Hire a RAIT: Redundant Array of Independent Teams

Life is Risk

Whenever you hire out work, either to a person, to a team, or to a company, there are risks. These risks can easily prevent the work from being completed, and even more easily prevent it from being completed on time. (I’m thinking mostly of software development work as I write this, but most of this applies to other domains as well.)

What could go wrong with the person/team/company you hire?

  • They get distracted by family or personal issues.
  • They turn out to not be as qualified or capable as they appeared.
  • They leave for better work. Sure, you might have a contract requiring them to finish, but your lawsuit won’t get the work done on time.
  • They turn out to not be as interested in your work as they first appeared.
  • They start with an approach which, while initially appearing wise, turns out to be poorly suited.
  • Illness or injury.

Of course you should carefully interview and check reputations to avert some of these risks, but you cannot make them all go away. You don’t always truly know who is good, who will produce. You can only estimate, with varying levels of accuracy. The future is unavoidably unknown and uncertain.

But you still want the work done, sufficiently well and sufficently soon. Or at least I do.

Redundancy Reduces Risk

A few years ago I stumbled across a way to attack many of these risks with the same, simple approach: hire N people or teams in parallel to separately attack the same work. I sometimes call this a RAIT, a Redundant Array of Independent Teams. Both the team size (one person or many), and the number of teams (N) can vary. Think of the normal practice of hiring a single person or single team as a degenerate case of RAIT with N=1.

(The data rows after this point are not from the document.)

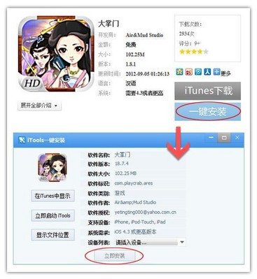 iTools 小白化的管理操作讓果粉使用起來更容易上手。簡單一步就能將游戲軟件安裝到蘋果,管理的圖片、信息等資料文件均可通過鼠標拖拽輕松實現,充分迎合果粉們的使用習慣。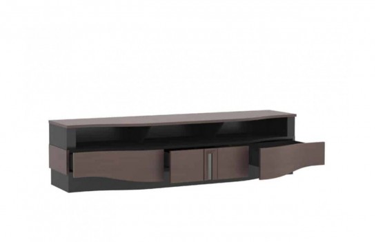 Szafka RTV DIUNA MAXI - to mebel, który łączy w sobie prostotę, elegancję oraz oryginalny design. Miękka i subtelna linia wzornicza, nawiązująca do motywu fali, tworzy efekt łagodnych kształtów i płynnych przejść. Fronty w eleganckim odcieniu wenge i lśniąca lakierowana czerń tworzą harmonijną całość. Wyposażona w trzy obszerne szuflady, jest idealnym rozwiązaniem do przechowywania wszelkich drobiazgów i akcesoriów RTV. Dzięki innowacyjnemu systemowi otwierania drzwi "push-to-open", korzystanie z tego mebla staje się niezwykle wygodne i intuicyjne. Dodatkowo, szafka posiada dwie przestronne wnęki pod blatem, które doskonale sprawdzą się do przechowywania odtwarzacza lub innych urządzeń elektronicznych. To mebel, który łączy w sobie funkcjonalność i nowoczesny design, doskonale pasujący do współczesnych wnętrz.
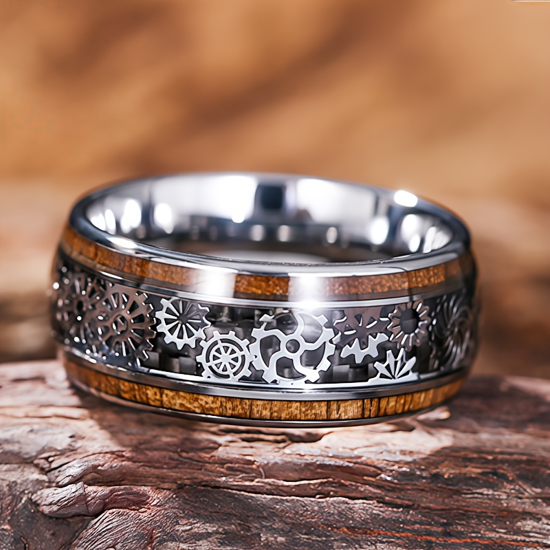 TEMU 316L 스테인리스 스틸으로 제작된 스타일리시한 기어 링 (남녀 공용). 코아 나무 배합 밴드가 특징이며, 광택 돔 디자인으로 약혼 및 결혼식에 적합합니다. 힙합 펑크 록 자전거 테마와도 잘 어울립니다.

To make RAIT practical, you need a hiring and management approach that uses your time (as the hirer) very efficiently. The key to efficiency here is to avoid doing things N times (once per team); rather, do them once, and broadcast to all N teams. For example, minimize cases where you answer developer questions in a one-off way. If you get asked a question by phone, IM, or email, answer it by adding information to a document or wiki; publish the document or wiki to all N teams. If you don’t have a publishing system or wiki technology in hand, in many cases simply using a shared Google Document is sufficient.

There are plenty of variations on the RAIT theme. For example, you might keep the teams completely isolated in terms of their interim work; this would minimize the risk that one teams’ bad ideas will contaminate the others. Or you might pass their work back and forth from time to time, since this would reduce duplicated effort (and thus cost) and speed up completion.

Another variation is to start with N teams, then incrementally trim back to a single team. For example, consider a project that will take 10 weeks to complete. You could start with three concurrent efforts. After one week, drop one of the efforts – whichever has made the least progress. After three weeks, again drop whichever team has made the least progress, leaving a single team to work all 10 weeks. As you can see in the illustration below, the total cost of this approach is 14 team-weeks of work.

How might you think about that 14 team-weeks of effort/cost?

  1. It is a 40% increase in cost over picking the right team the first time. If you can see the future, you don’t need RAIT.
  2. It is a 50% decrease compared to paying one team for 10 weeks, realizing they won’t produce, then paying another team for 10 more weeks.
  3. If you hired only one team, which doesn’t deliver on time, you might miss a market opportunity.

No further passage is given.